BEGIN EXTRACTED RECORDS
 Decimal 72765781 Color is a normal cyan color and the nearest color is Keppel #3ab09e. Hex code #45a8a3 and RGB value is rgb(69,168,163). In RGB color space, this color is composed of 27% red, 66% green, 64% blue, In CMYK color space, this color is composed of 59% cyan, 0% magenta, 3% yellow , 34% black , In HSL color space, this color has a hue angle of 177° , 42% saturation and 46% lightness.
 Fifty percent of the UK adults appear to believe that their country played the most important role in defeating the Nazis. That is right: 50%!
END EXTRACTED RECORDS
BEGIN EXTRACTED RECORDS
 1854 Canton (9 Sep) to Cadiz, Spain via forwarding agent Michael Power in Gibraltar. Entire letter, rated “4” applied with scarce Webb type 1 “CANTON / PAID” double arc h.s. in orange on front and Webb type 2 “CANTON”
END EXTRACTED RECORDS
**WHAT THIS TASK INVOLVES:** Print exactly the lines above, between the one holding "Decimal 72765781 Color" and the one holding "Fifty percent of", inclusive, and nothing besides.

**SOLUTION TO THIS EXERCISE:**
 Decimal 72765781 Color is a normal cyan color and the nearest color is Keppel #3ab09e. Hex code #45a8a3 and RGB value is rgb(69,168,163). In RGB color space, this color is composed of 27% red, 66% green, 64% blue, In CMYK color space, this color is composed of 59% cyan, 0% magenta, 3% yellow , 34% black , In HSL color space, this color has a hue angle of 177° , 42% saturation and 46% lightness.
 Fifty percent of the UK adults appear to believe that their country played the most important role in defeating the Nazis. That is right: 50%!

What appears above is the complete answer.